Familiarize students with conceptual knowledge and practices shaping different kinds of contemporary socio-technical systems.
Provide students an appraisal of the interplay between socio-technical systems and open society’s values.
Empower students with analytical competences supporting the discovery, description, interpretation, and prediction of the ways in which socio-technical systems and society affect each other.
Brief description of the course
Lecture-Seminar (6x4 h): Introduction to socio-technical systems and open society’s values empowered by these.
Central are different kinds of data from cognitive, affective, psychomotor and spatial domains and their representation forms: kinds of knowledge, meaning, value, competencies, trust, recognition, cohesion etc. and what can be made with such data, and what analytical approaches such data may provide; processes and services with the data for certain open society purposes such as accumulation/aggregation, validation, enaction, involvement, participatory surveillance/monitoring/awareness, guidance and pattern shaping/finding, recommending etc. Topics discussed will be: Learning and collective intelligence in socio-technical systems for open societies. Social and community related aspects in sociotechnical systems for open societies.

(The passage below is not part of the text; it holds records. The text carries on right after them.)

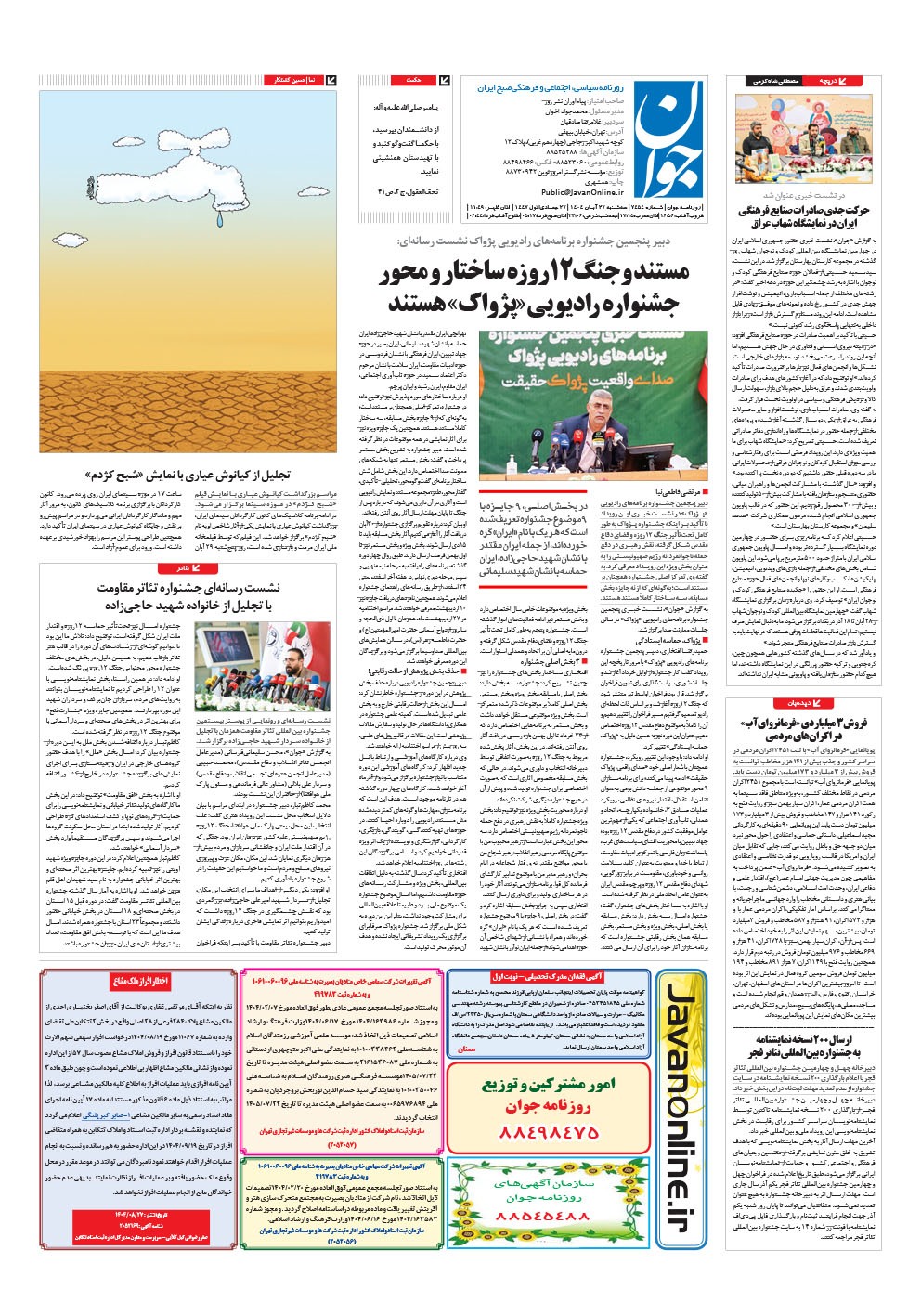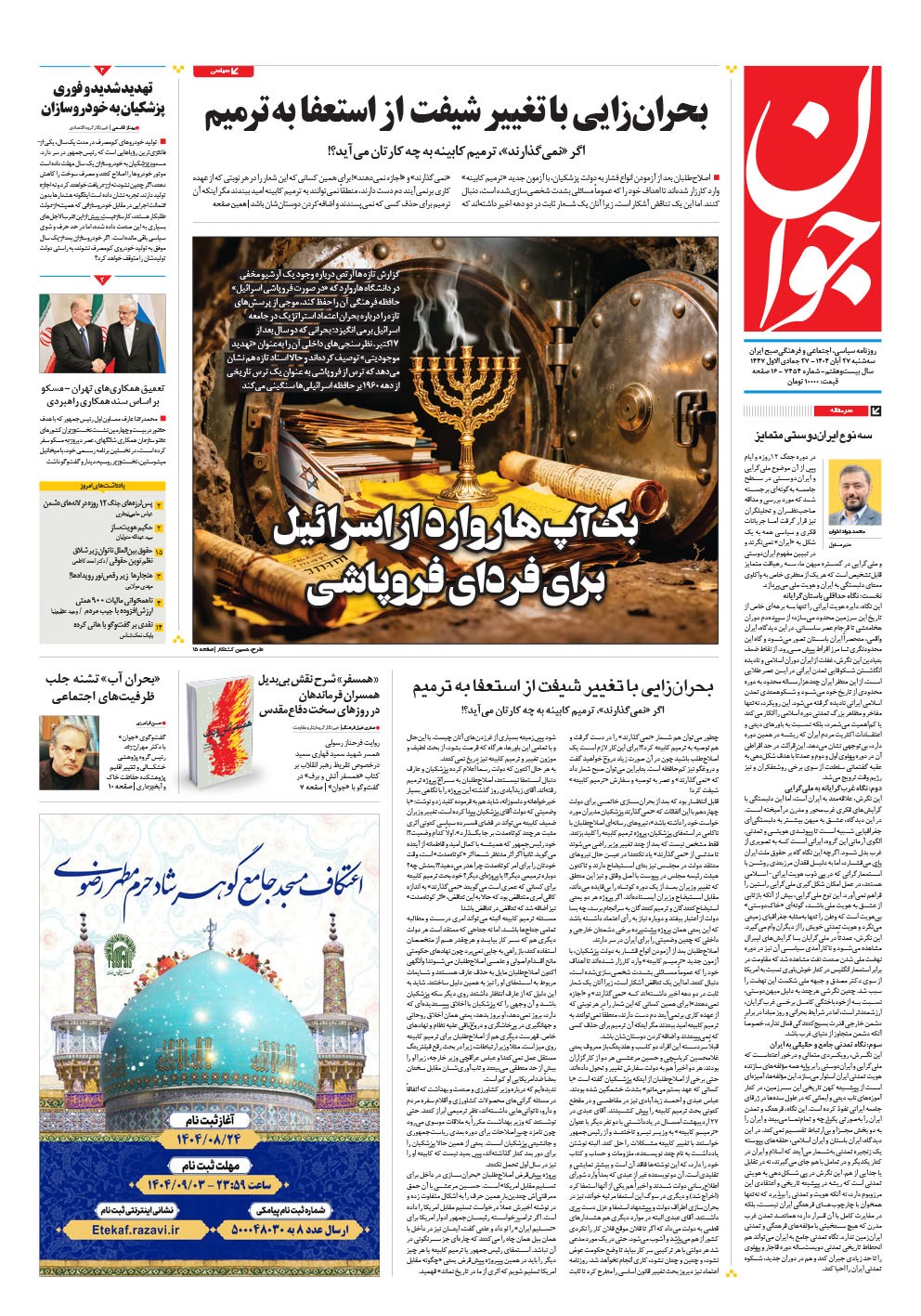 روزنامه جوان - سهشنبه ۲۷ آبان ۱۴۰۴ - شماره ۷۴۵۴
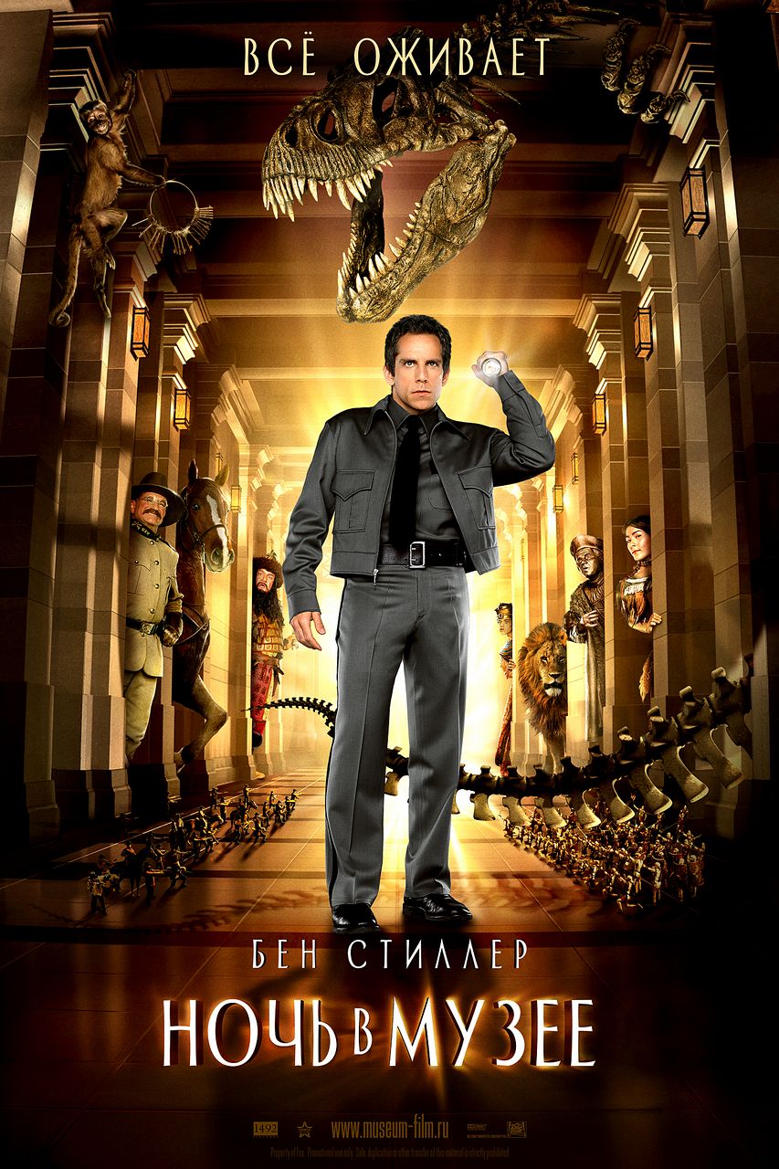 Сюжет: Охранник музея естественной истории в первый же день работы на новом месте попадает в переделку – оказывается, по ночам все экспонаты оживают, и в музее воцаряется настоящий хаос!
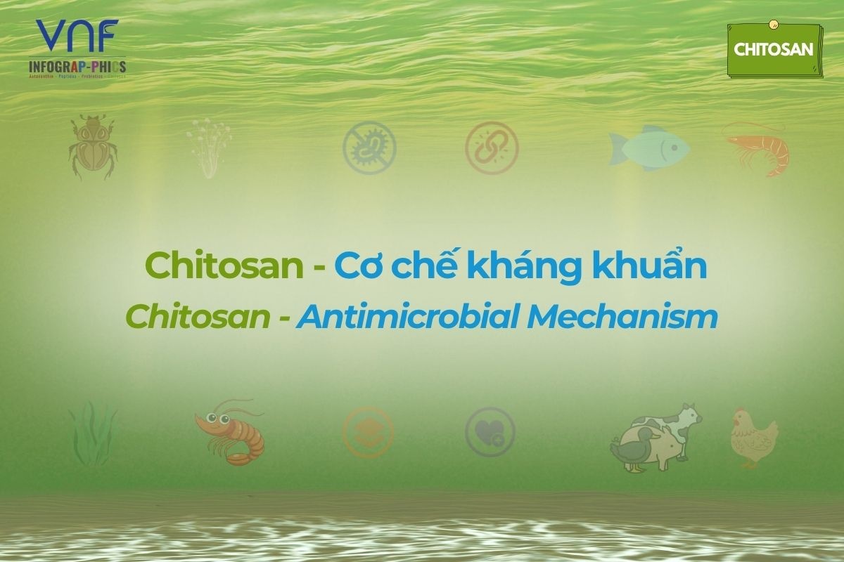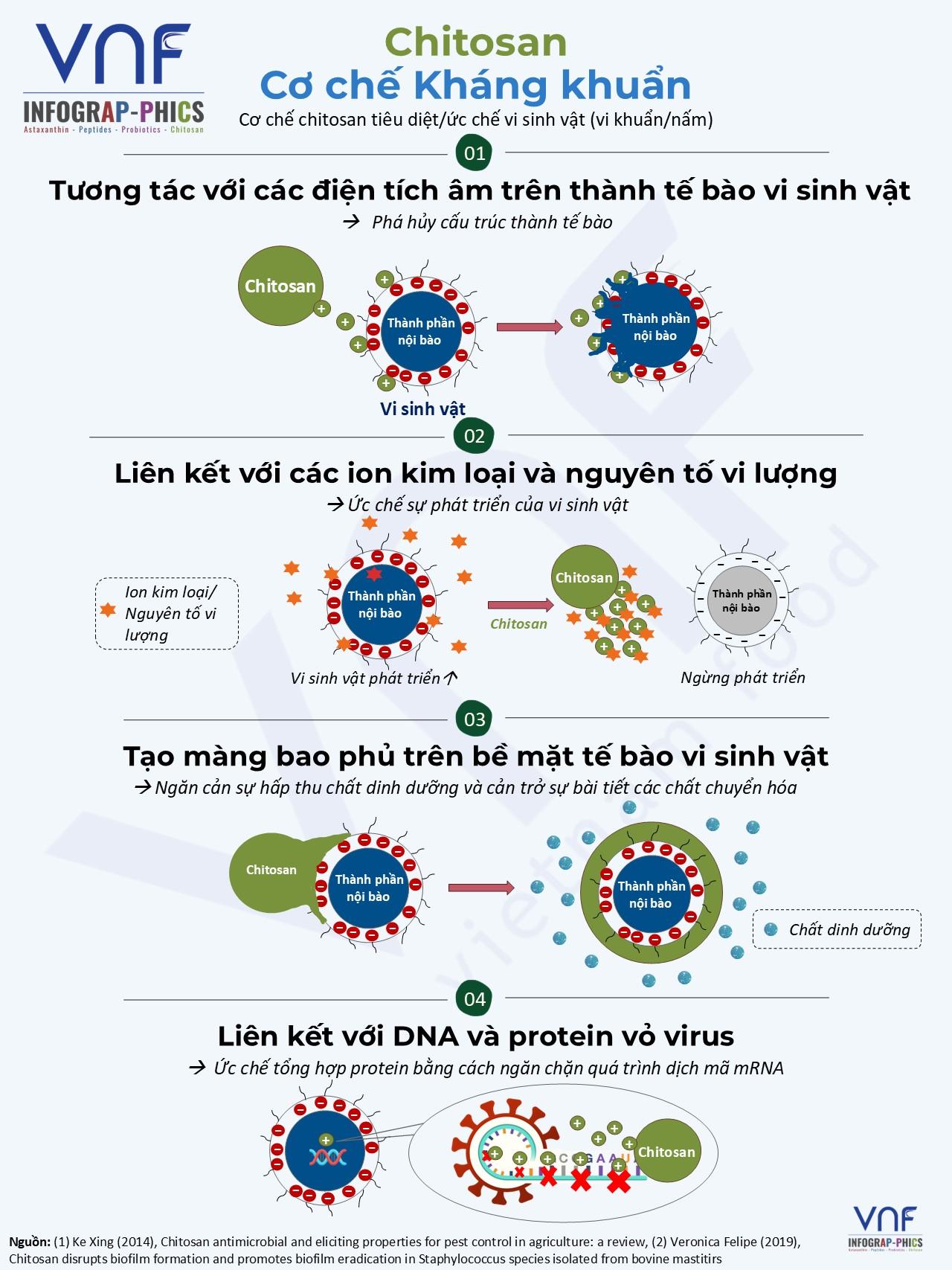 Hãy cùng khám phá infographic dưới đây để biết được cách chitosan tương tác với các điện tích âm, phá vỡ màng tế bào vi sinh vật và làm thay đổi môi trường sống của chúng, khiến chúng không thể phát triển.
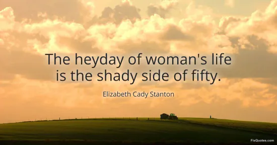 Stanton, Elizabeth Cady. "The heyday of woman's life is the shady side of fifty." FixQuotes. January 17, 2026. https://fixquotes.com/quotes/the-heyday-of-womans-life-is-the-shady-side-of-68143/.
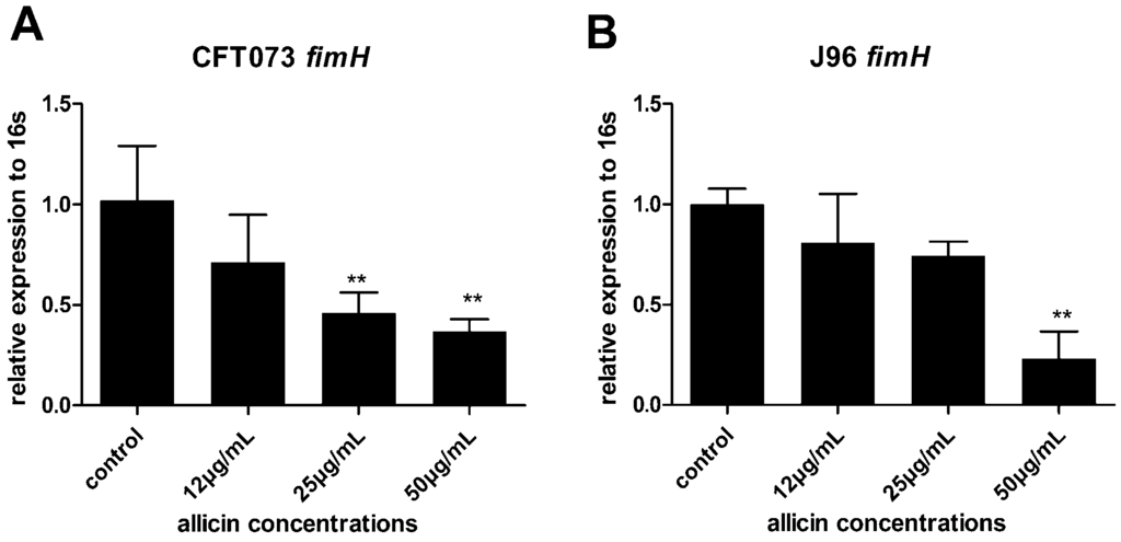 Type 1 pili adhesin FimH recognizes the glycoprotein uroplakin of bladder epithelial cells thereby mediates UPEC attachment in the bladder epithelium []. Thus, the effect of allicin on the expression of UPEC type 1 pili adhesin gene fimH was investigated by RT-qPCR. 50 µg/mL of allicin decreased 64% and 77% fimH expression of CFT073 and J96, respectively. 25 µg/mL of allicin decreased 54% of fimH expression in CFT073 (Figure 6A,B). Our result suggests that downregulating of fimH of UPEC CFT073 and J96 by allicin decreases UPEC adhesion ability.

Empowerment of spaces with socio-technical systems. Competing conceptions of governance in socio-technological systems: public goods and open data versus public choice and public values. Competing development paradigms: from citizens as clients and customers to citizens as co-producers.
Practice (6x4h): In practice theory and methodologies are introduced through reverse-engineering approach, the groups analyze and describe existing socio-technical systems and develop a theoretically sound conceptual vision for improving these systems. The jigzaw approach is used for circulating students between home- and expert groups.
Learning outcomes in the course
Upon completing the course the student:
- can apply theoretical concepts and practices used for developing socio-technical systems to discover, describe, interpret, and predict the ways in which socio-technical systems empower the society;
- uses socio-technical systems as leverage address challenges in society, systems.